L’histoire des Lemniennes n’est donc peut-être pas celle de la libération de femmes malheureuses. D’ailleurs, les hommes n’ont pas entièrement disparu de leur vie : les Lemniens changés en dauphins pêchent pour elles, Thoas continue de leur donner des conseils. Elles se sont débarrassées d’hommes infidèles car amoureux et ont gagné des pêcheurs hors pair, ainsi qu’un roi qui continue de veiller à la bonne gestion de sa cité. Quand les Argonautes arrivent, elles les utilisent également, en leur demandant de les féconder. L’habilité à la pêche, la protection et les conseils, la semence : elles utilisent tout ce dont elles ont besoin chez les hommes, sans avoir à les subir. Au final, quand Alcyrrhoé et Lorcyca offraient leur corps contre des richesses au nom de l’amour, les Lemniennes offrent leur corps et des vivres aux Argonautes contre la procréation de la nouvelle génération de l’île. Et si les Lemniennes étaient surtout des femmes intelligentes, qui décident de n’utiliser que ce qui les arrange chez les hommes ?

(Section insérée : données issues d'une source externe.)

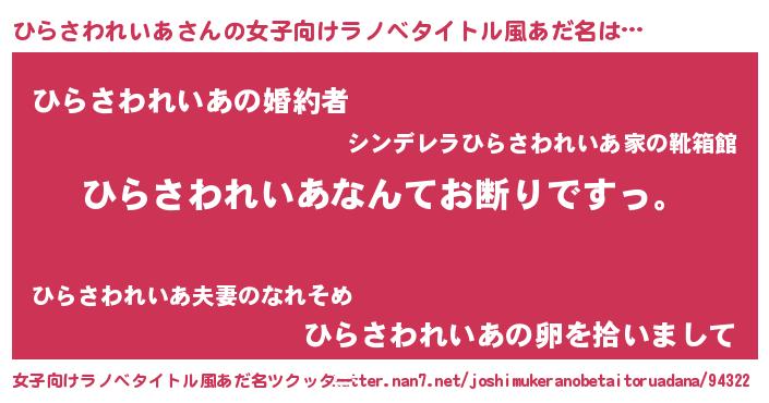 | 肩書あだ名 | 『ひらさわれいあ総統』 |

Quoiqu’il en soit, il est certain que dans cette version, les hommes, violents, infidèles ou assez idiots pour se faire manipuler, n’ont pas le beau rôle et que les femmes ont pris le pouvoir à Lemnos. Elles vivent sans subir la présence des hommes, en dirigeant leur vie à leur guise, en trouvant le moyen de combler leurs besoins tout en vivant entre elles. Leurs motivations et leurs actes ne sont peut-être pas toujours louables, mais elles ont réussi à dominer les hommes. Cette vie en autarcie sans homme pourrait convenir à Atalante, qui dit ressentir le besoin de fuir les hommes. Mais à Lemnos elle est la seule à se méfier des Lemniennes et à découvrir quelles histoires sont cachées dans l’île, en rencontrant Alcyrrhoé et Nautiliaa. C’est donc qu’elle cherche autre chose que la manipulation des hommes.